Who would believe it? The price of gas in the United States has descended to levels not seen in decades. Oil prices keep plunging – a 20% decline since the start of this year alone. Global markets now offer oil below $30 per barrel. According to estimates from the International Energy Agency, “Unless something changes soon, the oil market could drown in oversupply.”

There is so much excess oil that there’s even talk of having to store the overabundance at sea. Most incredible of all, in a bizarre turn of events Bloomberg reported that Flint Hill Resources, a refining unit owned by the Koch brothers, said that they would purchase sour crude from North Dakota for $-0.50 per barrel. That’s right: a negative price. Oil has become so depressed that producers are paying buyers to take certain kinds of lesser quality oil off of their hands.

The world economy is bracing for a glut of oil that could send prices tumbling even further as demand cools while supplies of already-prevalent crude increase because of the newly lifted sanctions on Iran.

That not only has political ramifications of game changing consequence for the world and in particular the Middle East but, in a fascinating way, helps us to understand a biblical idea with regard to the land of Israel.

For the longest time Jews have had to look with a measure of puzzlement at the lands of their neighbors surrounding them. The blessings of natural resources seemed to be divinely meant only for the Arab world outside of Israel. Oil flowed freely for Saudi Arabia, Iran, Iraq, and the United Arab Emirates. Yet the Jews had to be content with a land metaphorically only blessed with milk and honey.

Indeed, this idea was already revealed to the Jewish people who left Egypt and were about to enter the Promised Land. The Egyptian economy was blessed by the waters of the Nile which assured them of fertility without having to fear the lack of rainfall to water their crops. But this gift was not to be part of the Jewish people's redemption.

“For the land to which you come, to possess it – it is not like the land of Egypt which you left, where you plant seed and water it with your foot like a vegetable garden. But the land to which you cross over to possess it is a land of hills and valleys; from the rain of heaven will it drink water. A land that the Lord your God seeks out; the eyes of the Lord your God are always upon it, from the beginning of the year to year’s end” (Deuteronomy 11: 10-12).

The Torah contrasts the land of Egypt with the land of Israel. The Nile River was a year round source of water. Irrigation channels were dug which were closed off by small doors. The farmer decided which areas of the field needed water and he would use his foot – “where you plant seed and water it with your foot” – to kick open these small doors which would allow a flood of water to enter the irrigation channels. Water was plentiful and simple to access.

The land of Israel, however, has no major water source. It is completely dependent on the rains from the heavens.

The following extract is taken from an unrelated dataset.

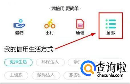 进入到芝麻信用以后,我们点击其中的"信用生活",然后再点击“全部”,即可在所有信用生活分类里面找到"街电"服务了,如下图;

Water would no longer be easily available to the Israelites as it was in Egypt.

This was a land which would bless its inhabitants only as a result of effort. This was a land which would not countenance those who worshiped ease and automatic entitlement.

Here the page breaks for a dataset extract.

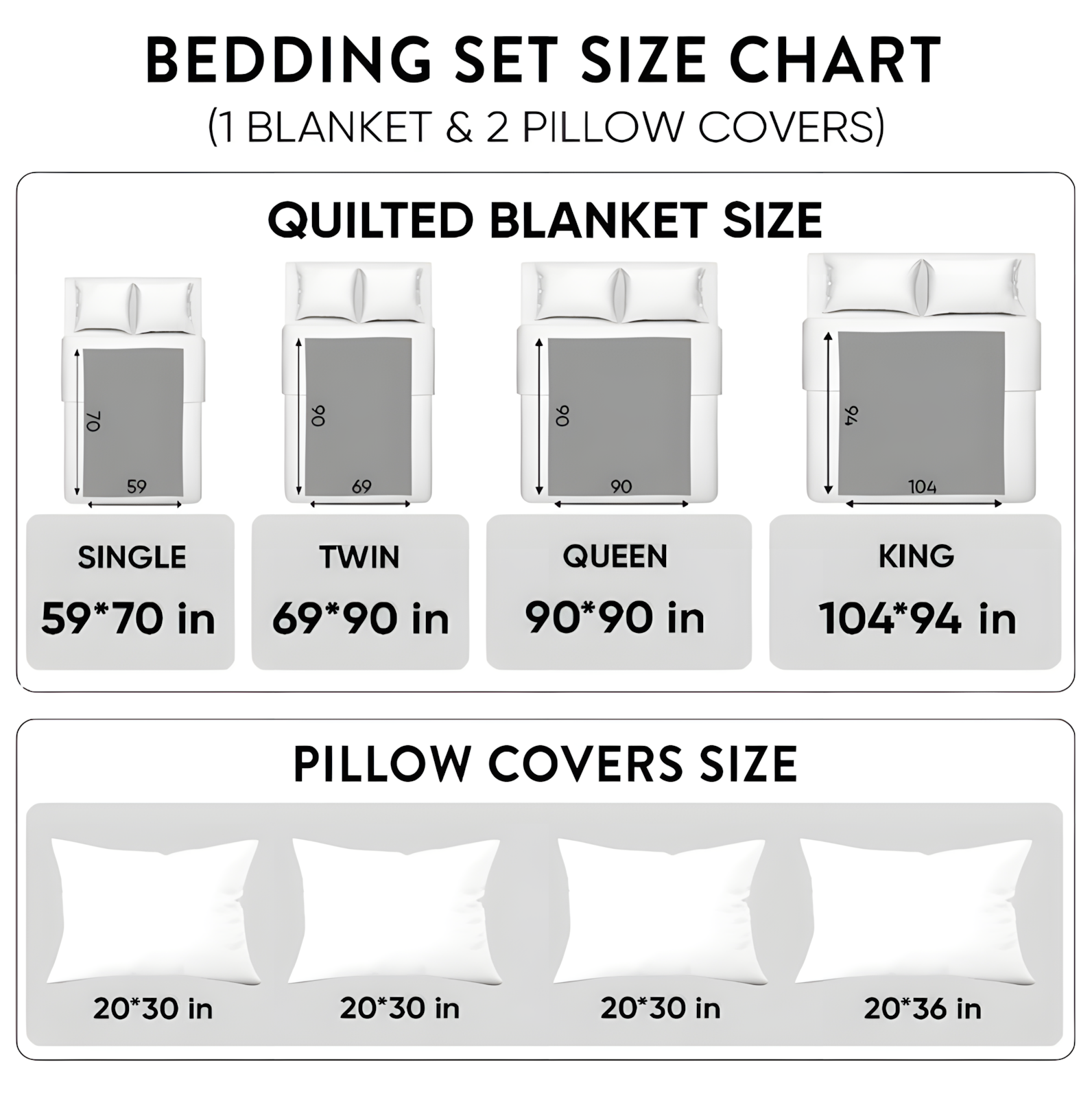 Elevate your bedroom with the luxurious comfort and elegant design of our 3-Piece Quilted Bedding Set. Thoughtfully crafted to create a serene sleeping experience, this set is a blend of quality, style, and convenience.

The Torah was expressing a truth which seems counter intuitive and yet has been validated by many economists. On average, resource-rich countries have done more poorly than countries without resources. They have grown more slowly and with greater inequality – just the opposite of what one would expect. A large literature in economics and political science has developed to explain what has been given a name: it is called the 'resource curse'. And perhaps its rationale is rooted in the same idea that parents who over indulge their children by giving them obscene wealth and privilege without inculcating responsibility and a work ethic are in the most profound sense doing them more harm than good.

Israel lacked the oil and so it became the startup nation of the world.

Israel lacked the oil and so it became the startup nation of the world. In the book by that name, Start-up Nation: The Story of Israel's Economic Miracle, by Dan Senor and Saul Singer, they answer the trillion dollar question: How is it that Israel – a country of 7.1 million, a little less than seventy years old, surrounded by enemies, in a constant state of war since its founding, with no natural resources – produces more start-up companies than large, peaceful, and stable nations like Japan, China, India, Korea, Canada and the UK? Their answer: Hampered by an Arab nation boycott that makes regional trade impossible and endowed with precious little by way of natural resources, Israel has beaten the odds to become a major player in the global business world, especially in the technology sector precisely because it was forced to rely on its own brainpower instead of unearned and undeserved gifts from below ground others came to take for granted and used as substitutes for personal initiative.

So perhaps there is a divine message behind the rise and fall of oil prices. The wealth produced by natural resources gave the Arab world the fleeting blessing of prosperity – but it was a double-edged sword which brought with it the “resource curse” so clearly illustrated by the failure of its culture and its minimal contributions to civilization.

In spite of the oil fields of its Arab neighbors, the land of milk and honey is proving to be a better bargain and a bigger blessing.